Déversement du pipeline Keystone: une pièce utilisée au Canada serait en cause

Près de 800 000 litres de pétrole albertain se sont déversés dans des champs agricoles au Dakota du Sud, en novembre dernier, en raison d’une fuite du pipeline Keystone.
Photo: Associated Press Près de 800 000 litres de pétrole albertain se sont déversés dans des champs agricoles au Dakota du Sud, en novembre dernier, en raison d’une fuite du pipeline Keystone.

La fuite récente de 800 000 litres de pétrole albertain du pipeline Keystone, au Dakota du Sud, pourrait avoir été causée par une pièce censée servir à éviter les bris de ce type de tuyau. Cet équipement est d’ailleurs couramment utilisé au Canada, mais les entreprises ne sont pas tenues d’en informer l’ONE, a appris Le Devoir.

Le 16 novembre dernier, TransCanada a annoncé la fermeture temporaire de son pipeline Keystone, en raison de la fuite de 5000 barils de pétrole des sables bitumineux, soit près de 800 000 litres. L’entreprise a alors entamé une opération de nettoyage, tout en réparant la conduite, afin de reprendre les livraisons de brut albertain au Texas.

Qu’est-ce qui a pu provoquer une nouvelle fuite sur ce pipeline, construit il y a moins de 10 ans ?

Selon un rapport préliminaire produit par la Pipeline and Hazardous Materials Safety Administration (PHMSA), les dommages à la conduite et à son enveloppe protectrice pourraient avoir été causés par l’installation, en 2008, de « poids ». Ceux-ci sont conçus pour stabiliser et ancrer le pipeline dans les zones où la présence d’eau peut le faire bouger. C’est le cas par exemple des milieux humides.

Visiblement au fait des problèmes que pourraient poser ces équipements censés permettre de réduire les risques de bris, la PHMSA (chargée de faire appliquer la réglementation sur les pipelines aux États-Unis) suggère d’ailleurs à TransCanada d’analyser les autres « poids » le long de son pipeline de 4300 kilomètres.

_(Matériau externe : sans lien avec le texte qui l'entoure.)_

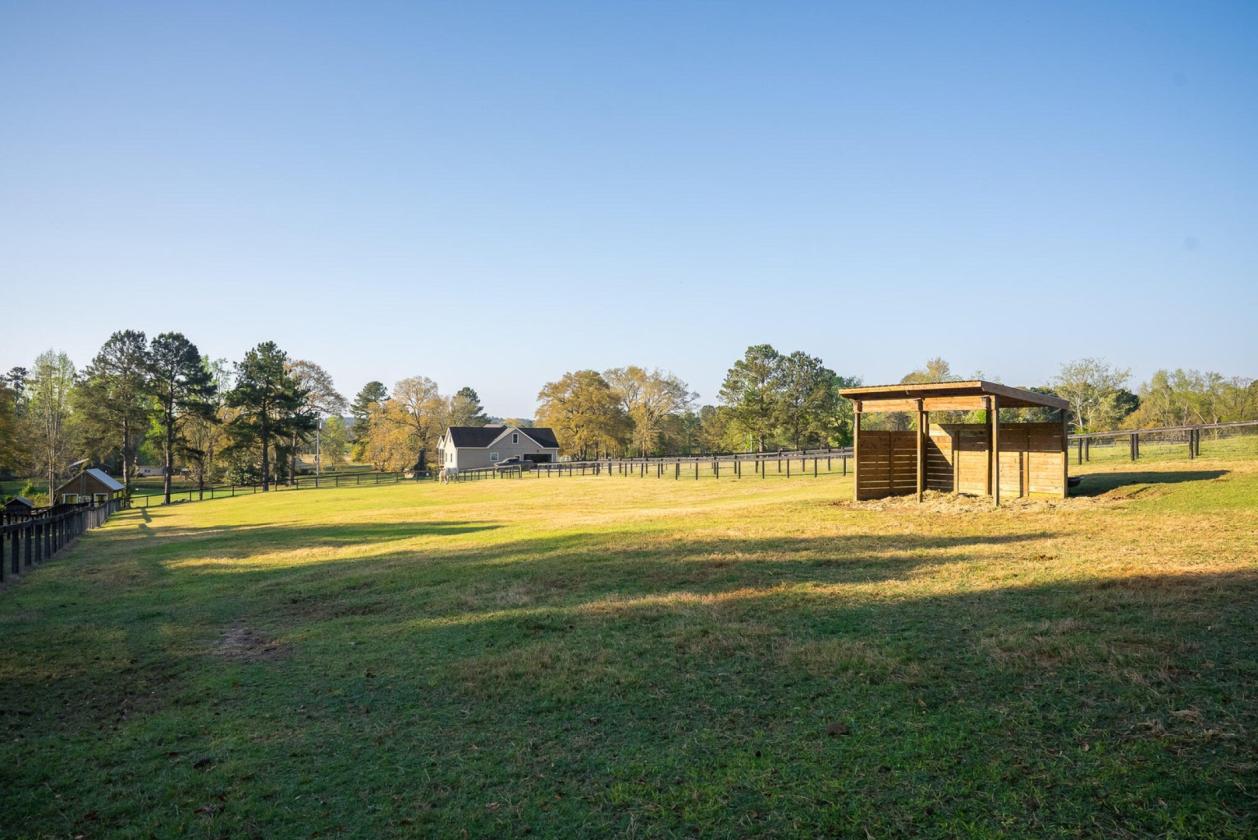 Investor/Seasonal Farmette Near Aiken's Premier Equestrian Venues Ideal for the seasonal winter resident or savvy investor, this charming 5.59-acre farmette is perfectly positioned in the heart of Aiken's thriving equestrian corridor. Just 13 minutes from vibrant downtown Aiken, the property offers a rare blend of convenience, functionality, and future potential. Equestrian amenities include a 4-stall shed-row barn with wash stall and tack room, along with an attached garage/shop building and studio living quarters--ideal for seasonal stays, income-producing opportunities, or future expansion. Horse enthusiasts will appreciate the exceptional proximity to top venues: only 1.3 miles to New Bridge Polo & Country Club, 7 miles to Bruce's Field, Dara Knot Farm, and Hitchcock Woods, 9 miles to University of South Carolina Aiken, and 10 miles to Sporting Days Farm and The Vista Schooling & Event Center. The land is thoughtfully laid out with three fenced pastures--two with run-in sheds--and a third offering a large, level riding area, ideal for a jump field or future dressage arena. Enjoy tranquil pond views, a fenced dog yard, and ample space to build a main residence. Additional features include a tack room with hot water heater and laundry sink, and 50-amp RV hookup. An existing termite bond provides added peace of mind. Surrounded by established polo and equestrian properties, this is a rare opportunity to own a manageable, income-producing, or seasonal horse property in one of the South's most sought-after winter destinations. Bring your horses and enjoy the Aiken lifestyle--seasonally or year-round. *Please note - square footage is for the entire structure.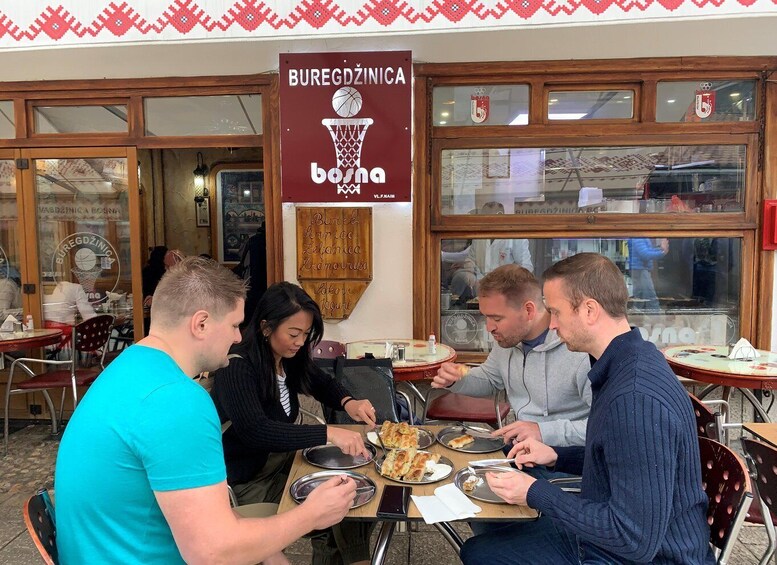 När det gäller maten kan vi inte lämna er hungriga. På den här turen får du möjlighet att se en av stadens mest berömda restauranger. Fördjupa dig i en värld av utsökta ostar, oförglömliga smaker av torkat och rökt kött och andra rätter som tillagas enligt recept som är flera hundra år gamla. Sist men inte minst kommer vi att besöka en av de äldsta pipbutikerna i Sarajevo - vi provar de mest utsökta rätterna från ägarna - och sudzukice i denna lokala restaurang utsågs till den bästa sudzuk av Sarajevo matordbok i 20the. Som grädde på moset kan du smaka på utsökt handgjord baklava, serverad med en sann njutning - bosniskt kaffe. Vårt mål med denna resa är att berika dig med upplevelsen av Sarajevo genom de lokala medborgarnas ögon.

Une partie de Keystone est d’ailleurs située au Canada. L’entreprise a toutefois refusé de commenter la situation ou la réalisation d’éventuels travaux d’inspection. « Nous attendons que les rapports de la métallurgie soient prêts », a simplement indiqué son porte-parole, Tim Duboyce, dans une réponse transmise par courriel.

Données inconnues

 

Chose certaine, ces « poids » sont utilisés par les entreprises qui construisent et exploitent des pipelines au Canada. « L’installation de poids, ou des mesures équivalentes, est requise lorsque des conduites enfouies peuvent flotter vers la surface », a confirmé le porte-parole de l’Office national de l’énergie (ONE), Marc Drolet.

Qui plus est, les entreprises « sont tenues d’inspecter régulièrement leurs pipelines, y compris les endroits où sont situés les poids ».

Mais à l’instar de la situation qui prévaut aux États-Unis, l’ONE n’est pas automatiquement informé de la présence de ces « poids » et ne détient pas de registre précis des lieux où ils sont installés.

« Les sociétés réglementées positionnent et décident du nombre de poids pour chaque site. Elles ne sont pas tenues de fournir systématiquement ces détails à l’ONE, qui peut cependant demander cette information en tout temps », a expliqué M. Drolet.

Enbridge

 

La pétrolière Enbridge, qui exploite le pipeline 9B, qui amène chaque jour 300 000 barils de brut de l’Ouest à Montréal, utilise ce type d’équipement de stabilisation.

« Les poids font partie de la construction d’un pipeline sûr, et sont intrinsèquement sûrs lorsqu’ils sont installés correctement. Enbridge utilise des poids conformément à tous les règlements », a indiqué son porte-parole, Ken Hall, mardi.

L’entreprise de Calgary précise que « les poids peuvent être utilisés pour ancrer un tuyau dans les zones humides, les traversées d’eau et les zones avec une nappe phréatique élevée ».

Dans la région montréalaise, le pipeline 9B traverse la rivière des Outaouais, la rivière des Mille-Îles et la rivière des Prairies. Depuis qu’il transporte du pétrole vers le Québec, ce tuyau construit en 1975 a subi au moins 60 réparations.

Malgré le discours rassurant de l’industrie, l’ONE entend examiner le rapport final de la PHMSA « afin de déterminer si les leçons tirées peuvent être appliquées ici au Canada ».